### Task details:
Exactly and only the lines from the line holding "Used for internal" to the end of the records should be reproduced. Leave pictures out.

═══ Given records

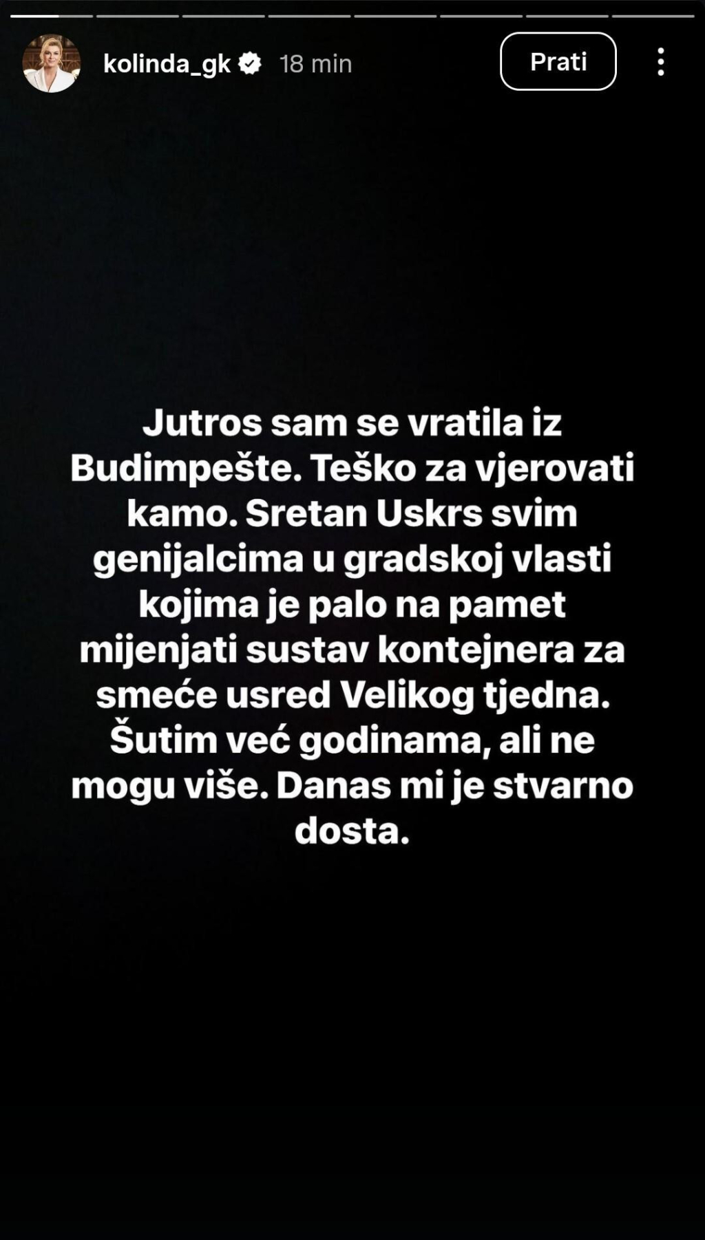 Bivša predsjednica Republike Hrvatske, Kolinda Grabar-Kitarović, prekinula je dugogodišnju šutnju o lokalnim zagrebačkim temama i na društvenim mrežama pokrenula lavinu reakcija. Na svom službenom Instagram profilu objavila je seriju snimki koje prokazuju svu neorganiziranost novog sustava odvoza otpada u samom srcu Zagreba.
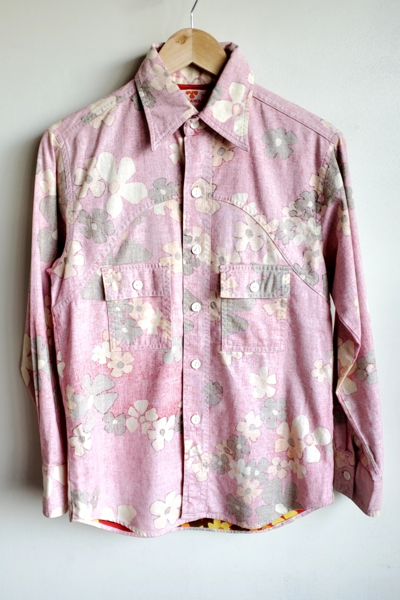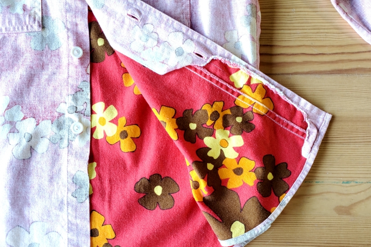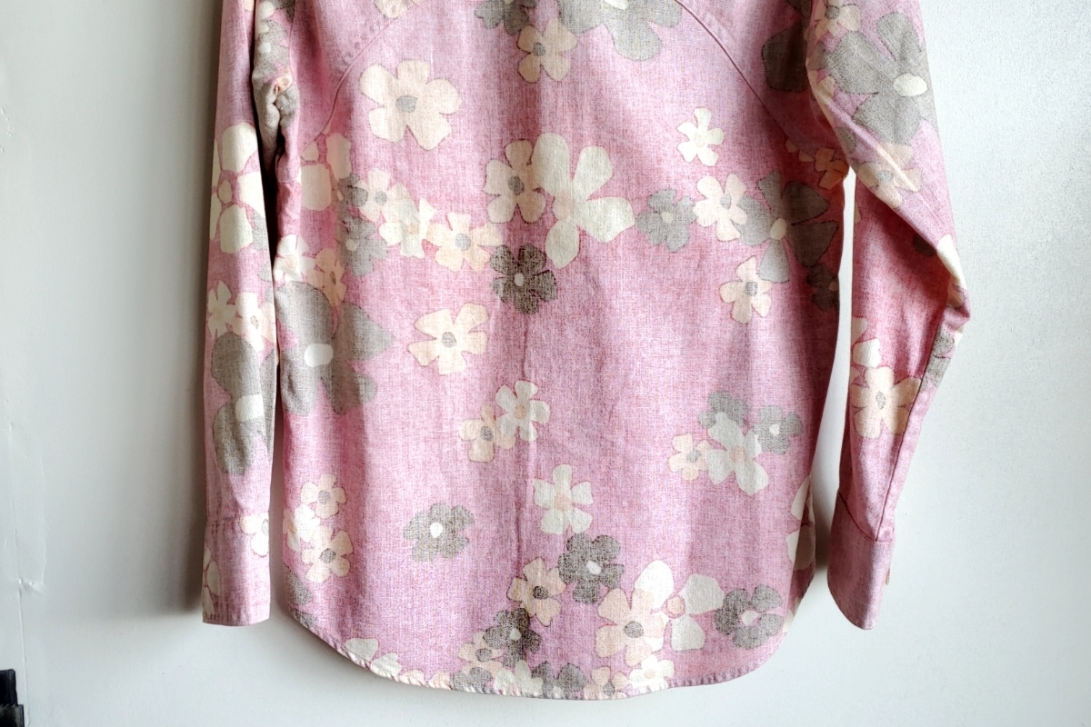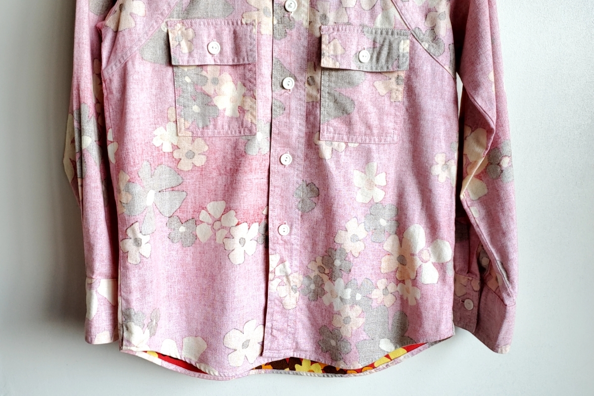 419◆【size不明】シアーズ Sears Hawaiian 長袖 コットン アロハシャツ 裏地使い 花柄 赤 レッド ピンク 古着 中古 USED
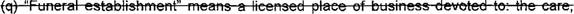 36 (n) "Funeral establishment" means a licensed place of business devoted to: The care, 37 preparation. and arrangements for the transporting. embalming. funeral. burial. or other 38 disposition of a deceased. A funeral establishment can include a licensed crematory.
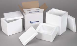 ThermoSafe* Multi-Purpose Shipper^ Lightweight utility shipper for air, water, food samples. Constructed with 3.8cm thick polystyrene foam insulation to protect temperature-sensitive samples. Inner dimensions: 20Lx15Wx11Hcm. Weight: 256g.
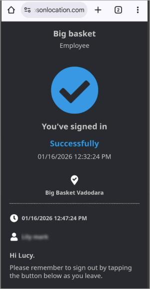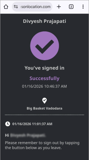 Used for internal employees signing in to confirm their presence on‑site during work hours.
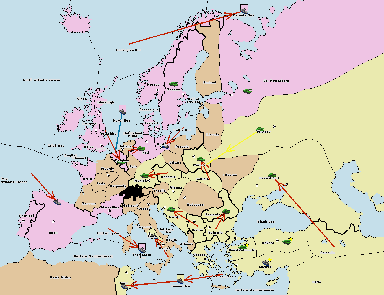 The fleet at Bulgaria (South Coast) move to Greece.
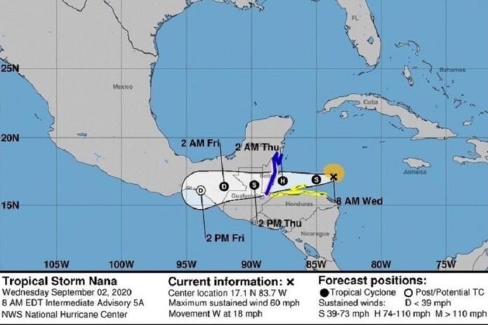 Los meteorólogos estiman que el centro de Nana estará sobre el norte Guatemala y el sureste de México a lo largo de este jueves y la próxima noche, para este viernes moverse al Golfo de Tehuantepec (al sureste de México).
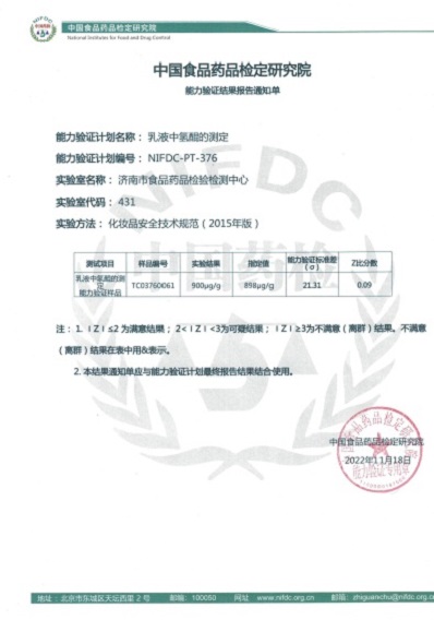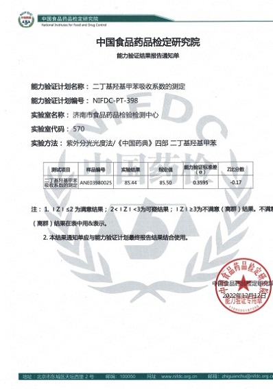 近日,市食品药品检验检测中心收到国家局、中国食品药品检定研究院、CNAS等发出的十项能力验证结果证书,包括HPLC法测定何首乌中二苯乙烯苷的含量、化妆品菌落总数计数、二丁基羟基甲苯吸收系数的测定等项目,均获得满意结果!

══════

### Answer to this exercise:
 Used for internal employees signing in to confirm their presence on‑site during work hours.
 The fleet at Bulgaria (South Coast) move to Greece.
 Los meteorólogos estiman que el centro de Nana estará sobre el norte Guatemala y el sureste de México a lo largo de este jueves y la próxima noche, para este viernes moverse al Golfo de Tehuantepec (al sureste de México).
 近日,市食品药品检验检测中心收到国家局、中国食品药品检定研究院、CNAS等发出的十项能力验证结果证书,包括HPLC法测定何首乌中二苯乙烯苷的含量、化妆品菌落总数计数、二丁基羟基甲苯吸收系数的测定等项目,均获得满意结果!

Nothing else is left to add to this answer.